今天,很榮幸和你們在一起,參加你們這世界上最好學校之一的畢業典禮。說實話,我從來沒從大學畢業過,這是我距離大學畢業最近的一刻。今天,我只說三個我的人生故事,就這樣,沒甚麼,三個故事就好。

The first story is about connecting the dots.
第一個故事,是關於串接起那些人生中的點點滴滴。

I dropped out of Reed College after the first six months, but then stayed around as a drop-in for another eighteen months or so before I really quit. So why did I drop out?
我在Reed College待了六個月就退學了。但是在我真正離開之前,我以旁聽生的身分在學校瞎混了又十八個月左右。那麼,我為什麼退學?

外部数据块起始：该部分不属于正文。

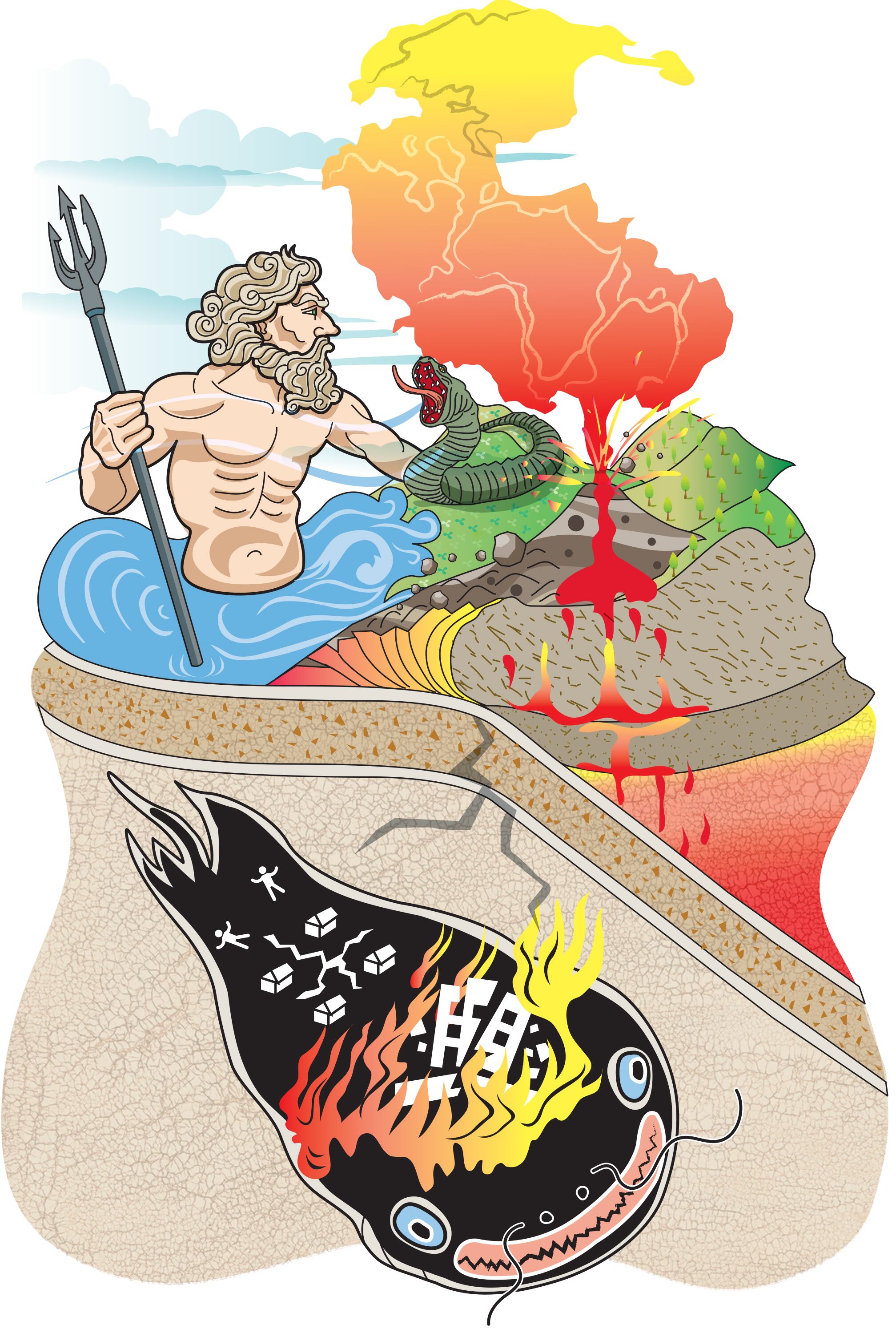 La mitología griega relata que el impulsivo Poseidón creaba sismos al picar la tierra con su trinche. Una leyenda de Guanacaste cuenta que en la cumbre de Cerro de las Cruces habita una enorme serpiente, cuyos movimientos causan los temblores de Nicoya.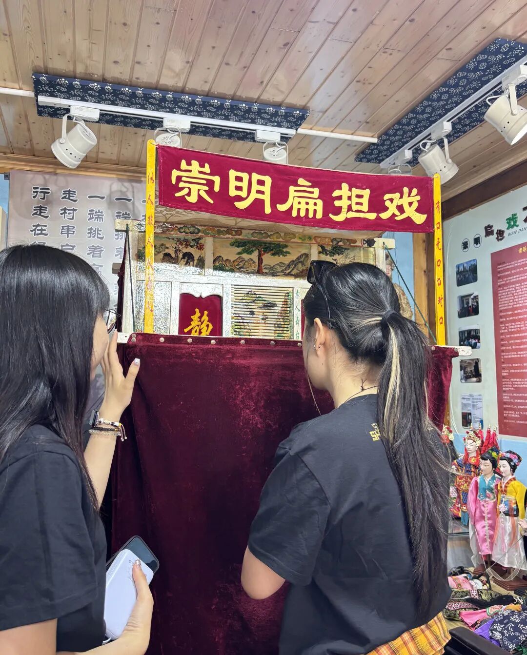其中,崇明扁担戏被誉为“一副扁担一台戏,一人演戏百人看”,是上海市级非物质文化遗产。这一独特的布袋木偶戏表演形式,艺人需在幔帐后同时操纵木偶、敲击乐器并完成唱念做打,技艺复杂,堪称“一人成一班”。然而,根据调查问卷显示,随着时代变迁,该剧种正面临演出市场萎缩、观众群体流失和传承断层等多重压力。尽管“非遗进校园”等活动在一定程度上推动了其传播,但缺乏长效机制,尚不足以扭转传承困境。为此,团队多次走访传承人朱雪山,深入了解其技艺精髓,并就如何在坚守传统的基础上实现创新发展展开交流。

It started before I was born. My biological mother was a young, unwed graduate student, and she decided to put me up for adoption. She felt very strongly that I should be adopted by college graduates, so everything was all set for me to be adopted at birth by a lawyer and his wife. Except that when I popped out they decided at the last minute that they really wanted a girl. So my parents, who were on a waiting list, got a call in the middle of the night asking, "We have got an unexpected baby boy. Do you want him?" They said, "Of course." My biological mother found out later that my mother had never graduated from college and that my father had never graduated from high school. She refused to sign the final adoption papers. She only relented a few months later when my parents promised that I would go to college. This was the start in my life.
這得從我出生前講起。我的親生母親那時是個年輕未婚的研究生,她決定讓別人收養我。她強烈覺得我應該被大學畢業的人收養,所以事情全為我安排好了,當一出生時我就會被一對律師夫婦收養。只是在我蹦出來時,他們在最後一刻決定他們實際上想要一個女孩。所以我的養父母,在等待名單上的一對夫妻,在半夜裡接到一通電話,問:「我們有一名意外出生的男嬰,你們要他嗎?」他們說:「當然」。後來,我的生母發現我媽從沒有大學畢業,而我爸則連高中也沒畢業。她拒絕簽署最後的認養文件。直到幾個月後當我的養父母保證我將來一定會上大學,她的態度才軟化。這是我生命的開始。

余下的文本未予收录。